A comparative study of the current state of the measures and mechanisms for IDEs investment ecosystems in Thailand with best-case examples from foreign countries

In this section, the current measures/policies/mechanism in all three components (Talent management, Ease of doing scaleup, and Availability of funding) to support IDEs in Thailand has been collected and compared with those from foreign countries as best practices for further gap analysis to be an essential guideline for developing and improving measures to be practical and meet the needs of all stakeholders. The information on policies and measures supporting startups in Thailand and other countries was gathered from credible and authoritative sources, including government websites, relevant organizations, the GenGlobal “Atlas: GEN’s Research + Policy Portal” database (, as well as reports from Deloitte’s Future of the Thai startup and venture capital ecosystem (Deloitte, 2023), Deloitte's Survey of Global Investment and Innovation Incentives (Deloitte, 2020), and Worldwide R&D Incentives Reference Guide 2020 (Ernst & Young Global, 2020). The information on measures and mechanisms to support IDEs/Startups in three aspects is shown in Table 4.

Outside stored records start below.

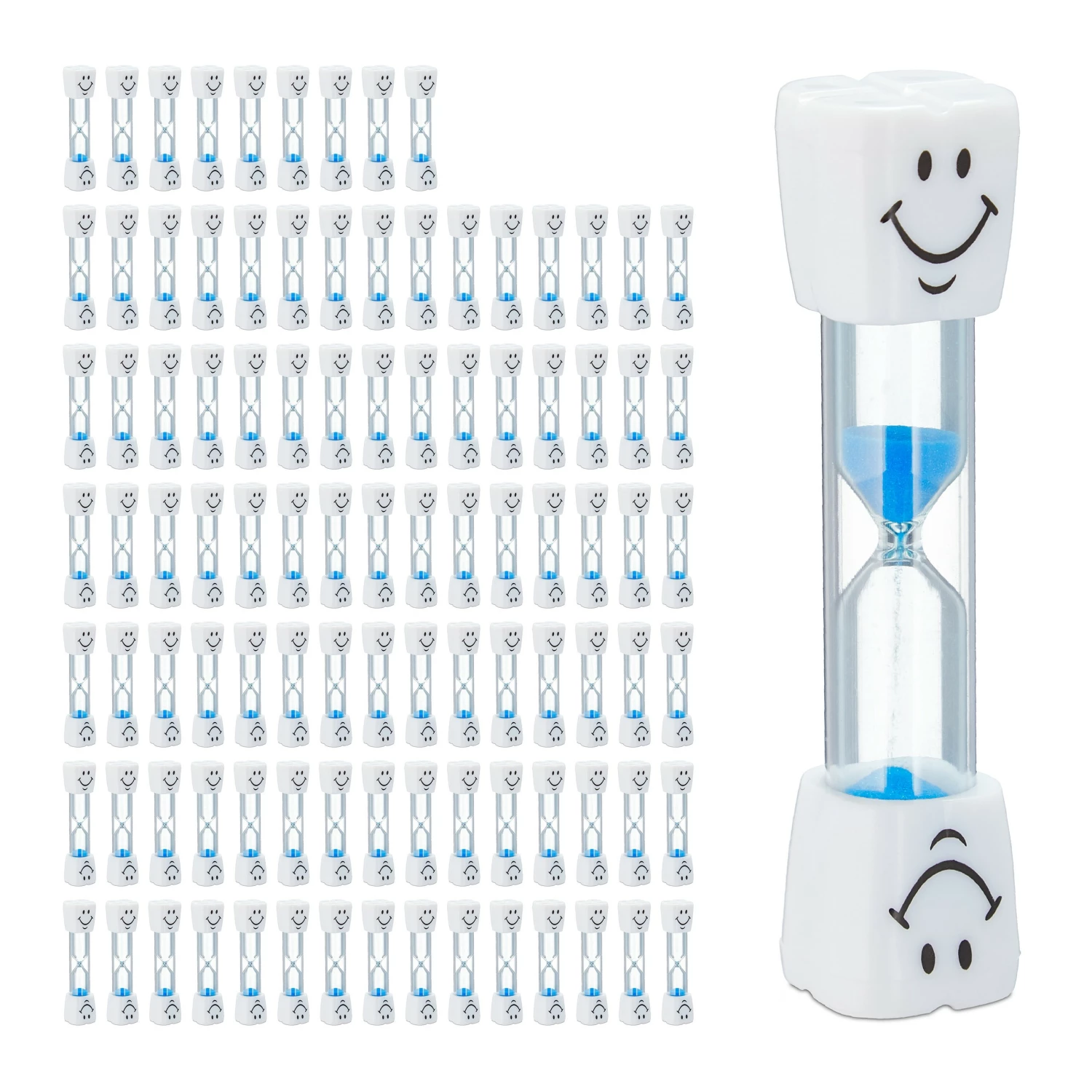 Mit den praktischen Zahnputz Sanduhren im 100er Set haben Sie und Ihre Kinder immer genau das richtige Timing beim Zähneputzen. Eine Umdrehung dauert ungefähr 3 Minuten. Das Verrinnen der Zeit ist durch den blauen Sand gut erkennbar. Das niedliche Zahn-Design mit dem lachenden Gesicht ist kindgerecht und steigert den Spaß an der täglichen Zahnhygiene. Auch in der Küche als Tee- oder Eieruhr oder als Zeitmesser für Spiele ist die Kurzzeituhr ein tolles Hilfsmittel.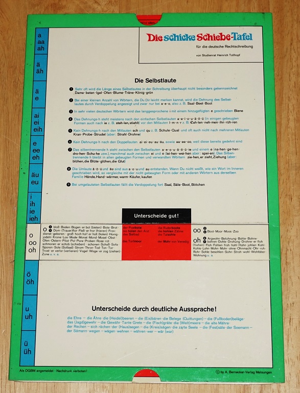 Tollhopf, Heinrich: Die schicke Schiebe-Tafel für die deutsche Rechtschreibung. Melsungen: Bernecker, o.J. 27,5 cm, 1 Taf. Kart. Leichte Gebrauchsspuren. Die schicke Schiebe-Tafel
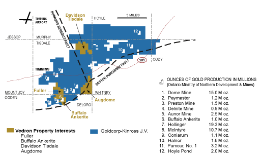 Toronto, Ontario CANADA, August 09, 2006 /FSC/ - Vedron Gold Inc. (VG - TSX Venture, VN3 - FWB), plans to commence exploration drilling on the Fuller Property located adjacent to the north of the Buffalo Ankerite property and west of the Porcupine Joint Venture (Goldcorp and Kinross Gold) Dome Mine operation. A drilling rig is currently being mobilized to the property.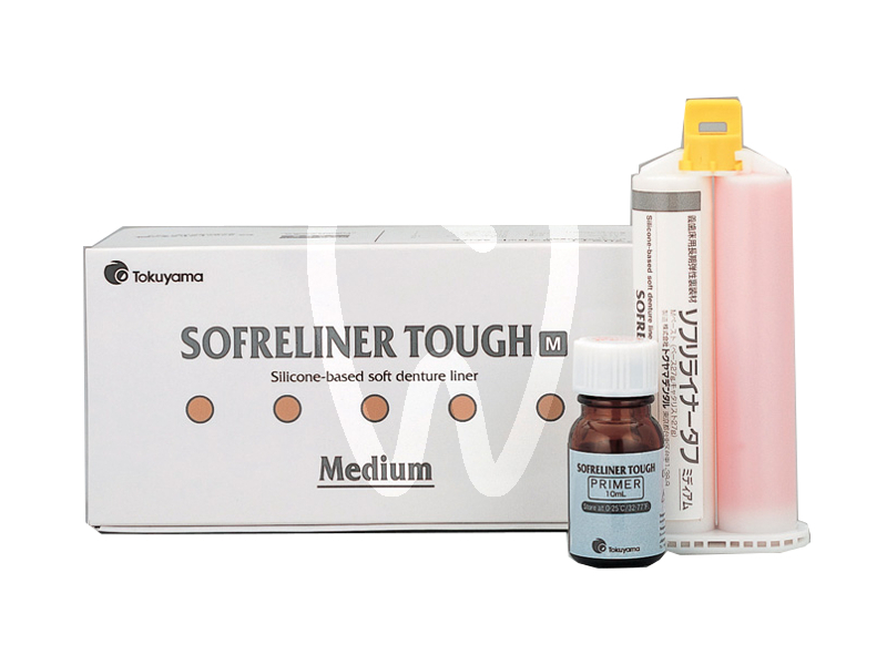 30 days return guaranteeTOKUSO SOFRELINER TOUGH SIR.54gr MEDIUM is a medium-soft, silicone-based lining resin for denture relining procedures, suitable for both direct (chairside) and indirect (laboratory) techniques. It is designed to improve comfort and fit in challenging prosthetic cases, particularly where soft tissues are delicate or anatomical conditions complicate denture adaptation. Supplied as a 54 g cartridge.
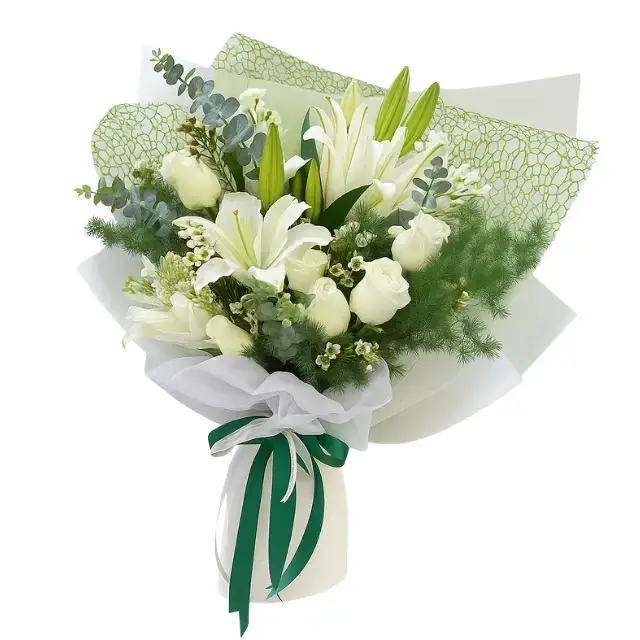 A tranquil arrangement of white lilies and roses accented with greenery and soft textures, created for thoughtful and composed occasions.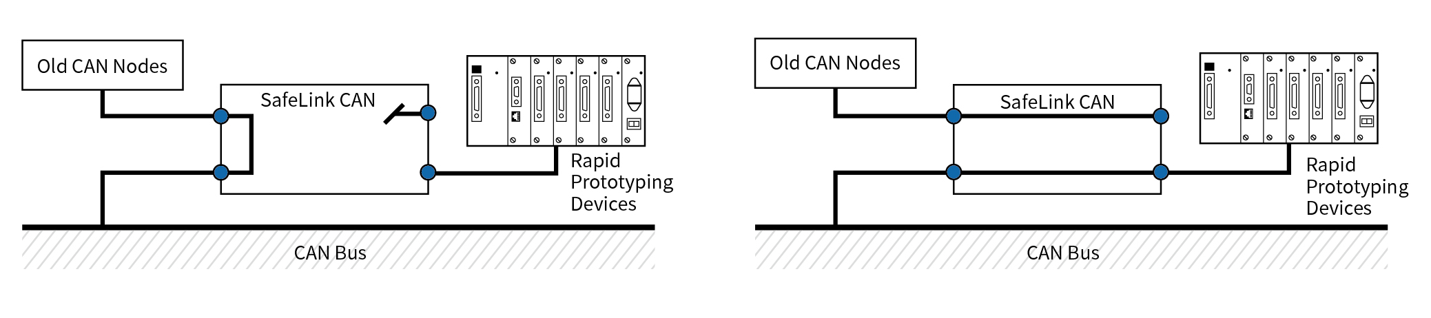 Da ZD SafeLink CAN die einzelnen CAN-Knoten physikalisch vom Bus trennt, kann der Anwender schnell zwischen verschiedenen CAN-Knoten umschalten und die CAN-Bus-Architektur einfach ändern. Wie in der Abbildung gezeigt, kann SafeLinkCAN den alten CAN-Knoten mit dem CAN-Bus verbinden, ohne dass ein Rapid-Prototyping-Gerät angeschlossen ist. Ebenso ist es möglich, den CAN-Knoten auf dem Rapid-Prototyping-Gerät umzuschalten und den alten CAN-Knoten vom Bus zu trennen.

Table 4 Measures/policies/mechanisms supporting IDEs in Thailand and best-case examples from foreign countries in the aspects of talent management, ease of doing scaleup, and availability of funding

The comparative analysis underscores Thailand’s comprehensive policies to bolster IDEs across three facets. Nonetheless, these measures, while extensive, lack full integration and efficacy in fulfilling national objectives. The study conducts a comprehensive comparative examination of Thailand’s IDE framework alongside strategies from other nations, revealing critical gaps. Findings include:

Talent Management: Thailand faces challenges in attracting foreign talent due to restrictions on permanent residency or citizenship. IDE training programs lack outcome-focused approaches and experienced mentors. Other countries offer incentives for foreign talents and emphasize practical learning, leading to highly skilled individuals across age groups.

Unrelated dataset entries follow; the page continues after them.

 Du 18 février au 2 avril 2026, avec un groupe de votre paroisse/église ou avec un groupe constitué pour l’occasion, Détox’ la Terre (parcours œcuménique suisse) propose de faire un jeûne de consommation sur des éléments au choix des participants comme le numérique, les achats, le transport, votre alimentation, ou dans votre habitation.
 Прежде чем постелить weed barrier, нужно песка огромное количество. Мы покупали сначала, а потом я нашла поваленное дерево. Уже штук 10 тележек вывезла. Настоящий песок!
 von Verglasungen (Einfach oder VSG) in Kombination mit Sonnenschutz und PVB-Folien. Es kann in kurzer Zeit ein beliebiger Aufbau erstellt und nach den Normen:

Ease of Doing Scaleup: Overlapping laws governing startups, SMEs, and listed businesses create inefficiencies. Tax benefits for Intellectual Property hinder IDE growth. Contrarily, other countries facilitate scaleup through diverse tax incentives, investment support, and business exit strategies.

Availability of Funding: Thailand's funding allocation for IDEs is limited, with inadequate support from VC, Angel groups, and Accelerator Programs. Domestic focus neglects foreign startups. Funding distribution across industries lacks targeting, while specific agencies dominate developmental goals. Collateral requirements for startup loans impede IDEs. In contrast, other nations align funding with national targets and offer specialized loans.

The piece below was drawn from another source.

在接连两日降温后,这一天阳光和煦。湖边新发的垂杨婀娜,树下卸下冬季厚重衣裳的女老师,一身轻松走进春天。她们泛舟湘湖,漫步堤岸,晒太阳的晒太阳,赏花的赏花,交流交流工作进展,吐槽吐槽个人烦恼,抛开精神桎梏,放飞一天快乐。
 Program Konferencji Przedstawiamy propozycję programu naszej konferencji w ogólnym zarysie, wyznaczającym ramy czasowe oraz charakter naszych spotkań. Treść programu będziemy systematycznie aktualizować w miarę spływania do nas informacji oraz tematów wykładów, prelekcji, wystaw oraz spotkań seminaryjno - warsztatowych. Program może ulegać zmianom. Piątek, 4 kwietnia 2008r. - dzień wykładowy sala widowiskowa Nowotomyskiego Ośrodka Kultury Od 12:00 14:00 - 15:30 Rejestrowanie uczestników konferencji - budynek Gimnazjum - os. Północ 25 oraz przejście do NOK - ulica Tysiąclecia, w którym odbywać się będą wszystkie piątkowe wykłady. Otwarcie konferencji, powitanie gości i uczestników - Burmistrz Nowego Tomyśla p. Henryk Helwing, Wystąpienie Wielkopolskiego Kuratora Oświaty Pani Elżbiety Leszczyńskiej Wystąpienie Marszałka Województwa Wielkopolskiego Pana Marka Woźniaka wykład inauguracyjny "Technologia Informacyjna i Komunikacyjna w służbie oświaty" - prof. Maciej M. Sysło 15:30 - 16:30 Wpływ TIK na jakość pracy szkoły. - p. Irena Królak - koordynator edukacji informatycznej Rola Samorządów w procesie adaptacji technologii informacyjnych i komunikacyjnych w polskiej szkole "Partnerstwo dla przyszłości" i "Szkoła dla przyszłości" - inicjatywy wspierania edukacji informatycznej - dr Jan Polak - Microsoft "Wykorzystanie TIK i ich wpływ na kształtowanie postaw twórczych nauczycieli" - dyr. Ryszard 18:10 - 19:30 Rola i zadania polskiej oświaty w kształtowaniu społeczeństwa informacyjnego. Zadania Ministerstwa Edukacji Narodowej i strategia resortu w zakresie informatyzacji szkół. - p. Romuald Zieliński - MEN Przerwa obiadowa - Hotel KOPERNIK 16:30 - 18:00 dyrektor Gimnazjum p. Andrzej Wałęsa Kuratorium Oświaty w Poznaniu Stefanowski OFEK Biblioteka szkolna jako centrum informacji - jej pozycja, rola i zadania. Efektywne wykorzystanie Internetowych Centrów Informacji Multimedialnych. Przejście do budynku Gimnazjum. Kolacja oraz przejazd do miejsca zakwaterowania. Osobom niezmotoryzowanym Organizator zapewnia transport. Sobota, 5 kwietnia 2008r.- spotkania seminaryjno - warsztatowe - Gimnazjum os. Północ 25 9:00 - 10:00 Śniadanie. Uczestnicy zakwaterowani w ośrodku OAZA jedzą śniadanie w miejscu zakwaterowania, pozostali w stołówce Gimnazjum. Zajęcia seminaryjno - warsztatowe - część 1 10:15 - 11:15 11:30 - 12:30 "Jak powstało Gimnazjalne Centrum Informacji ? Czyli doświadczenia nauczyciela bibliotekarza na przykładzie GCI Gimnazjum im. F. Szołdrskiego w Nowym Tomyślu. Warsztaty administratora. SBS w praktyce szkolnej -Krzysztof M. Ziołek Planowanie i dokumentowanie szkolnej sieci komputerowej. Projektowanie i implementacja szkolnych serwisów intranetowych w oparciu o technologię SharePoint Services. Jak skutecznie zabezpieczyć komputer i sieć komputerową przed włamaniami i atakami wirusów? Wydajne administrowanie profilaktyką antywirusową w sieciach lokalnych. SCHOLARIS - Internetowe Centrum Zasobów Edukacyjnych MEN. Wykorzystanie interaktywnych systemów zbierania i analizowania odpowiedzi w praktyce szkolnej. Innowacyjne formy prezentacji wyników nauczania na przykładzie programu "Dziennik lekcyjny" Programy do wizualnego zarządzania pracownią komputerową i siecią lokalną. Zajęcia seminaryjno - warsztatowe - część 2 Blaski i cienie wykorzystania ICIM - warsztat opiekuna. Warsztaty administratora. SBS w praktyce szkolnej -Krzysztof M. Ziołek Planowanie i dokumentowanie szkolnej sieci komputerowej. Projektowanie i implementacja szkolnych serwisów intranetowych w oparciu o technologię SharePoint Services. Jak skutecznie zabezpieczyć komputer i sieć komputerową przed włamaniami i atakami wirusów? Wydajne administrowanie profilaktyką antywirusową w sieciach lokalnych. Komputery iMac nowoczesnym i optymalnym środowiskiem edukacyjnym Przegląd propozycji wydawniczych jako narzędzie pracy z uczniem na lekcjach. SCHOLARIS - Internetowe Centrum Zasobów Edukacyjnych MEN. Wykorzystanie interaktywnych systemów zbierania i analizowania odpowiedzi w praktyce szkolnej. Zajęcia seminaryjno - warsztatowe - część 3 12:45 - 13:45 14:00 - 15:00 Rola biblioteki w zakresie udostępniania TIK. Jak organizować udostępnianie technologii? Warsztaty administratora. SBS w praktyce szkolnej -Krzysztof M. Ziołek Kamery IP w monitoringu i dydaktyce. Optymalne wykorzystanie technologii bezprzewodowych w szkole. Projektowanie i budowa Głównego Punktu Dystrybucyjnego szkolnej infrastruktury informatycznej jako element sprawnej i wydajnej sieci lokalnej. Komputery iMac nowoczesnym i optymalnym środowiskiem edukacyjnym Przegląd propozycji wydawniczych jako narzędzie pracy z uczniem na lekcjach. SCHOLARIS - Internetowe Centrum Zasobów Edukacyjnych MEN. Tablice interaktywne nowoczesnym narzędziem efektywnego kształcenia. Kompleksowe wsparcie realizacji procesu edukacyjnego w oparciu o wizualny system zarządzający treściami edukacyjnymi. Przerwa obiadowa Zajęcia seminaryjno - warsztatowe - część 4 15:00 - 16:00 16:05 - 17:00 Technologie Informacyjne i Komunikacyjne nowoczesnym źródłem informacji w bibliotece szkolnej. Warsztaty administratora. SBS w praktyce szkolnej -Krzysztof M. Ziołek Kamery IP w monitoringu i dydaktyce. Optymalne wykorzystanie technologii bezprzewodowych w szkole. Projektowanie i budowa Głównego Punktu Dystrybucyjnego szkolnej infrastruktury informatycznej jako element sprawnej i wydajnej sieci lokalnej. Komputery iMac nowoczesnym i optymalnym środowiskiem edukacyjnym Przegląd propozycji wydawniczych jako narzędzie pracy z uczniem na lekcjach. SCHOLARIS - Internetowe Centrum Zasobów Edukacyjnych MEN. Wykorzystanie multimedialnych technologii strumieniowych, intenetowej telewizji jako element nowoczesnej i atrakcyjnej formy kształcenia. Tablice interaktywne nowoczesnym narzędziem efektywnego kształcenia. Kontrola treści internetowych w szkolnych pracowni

The analysis highlights areas for Thailand to enhance IDE support mechanisms. Addressing these issues and adopting successful strategies from other countries can nurture a thriving IDE ecosystem in Thailand.

Policy recommendations and operating model with practical working procedure for creating IDEs suitable for Thailand

The previous section critically assessed pain points in Thailand’s IDE joint venture ecosystem. The analysis aims to offer tailored recommendations and an operational model for nurturing innovation-based entrepreneurs. Notably, Thailand lacks a centralized organization overseeing national innovation goals, in contrast to Israel’s Israel Innovation Authority, which streamlines support for startups (Deloitte, 2023). Thailand's existing innovation-supportive bodies operate within specific contexts, potentially leading to fragmented approaches. Enhanced communication and coordination among these entities are needed for a cohesive and comprehensive innovation ecosystem. The proposed policy recommendations and operational model seek to bridge this gap, fostering a unified and effective environment for IDEs in Thailand.

Policy recommendations

Considering the ever-increasing emphasis on innovation as a catalyst for sustainable economic growth and development, policymakers around the world are actively seeking effective strategies to promote and nurture IDEs. Thailand, as a rapidly emerging economy, recognizes the pivotal role played by IDEs in driving technological advancements, job creation, and global competitiveness. However, to fully capitalize on the potential of IDEs, it is imperative to devise comprehensive and well-coordinated policy recommendations that address the underlying challenges hindering their growth and success. This paper presents a set of policy recommendations aimed at fostering an enabling environment for IDEs in Thailand as follows.

  1. 1)

    Establishment of Thailand IDEs Strategic Board (IDEs Board): The IDEs Board should be formed with clearly defined responsibilities and seamless integration with other relevant committees. This board should comprise senior executives from both government agencies and Thailand's innovation ecosystem. Its primary objective should be to drive the development and enhancement of measures and mechanisms aimed at fostering IDE in the country.

  2. 2)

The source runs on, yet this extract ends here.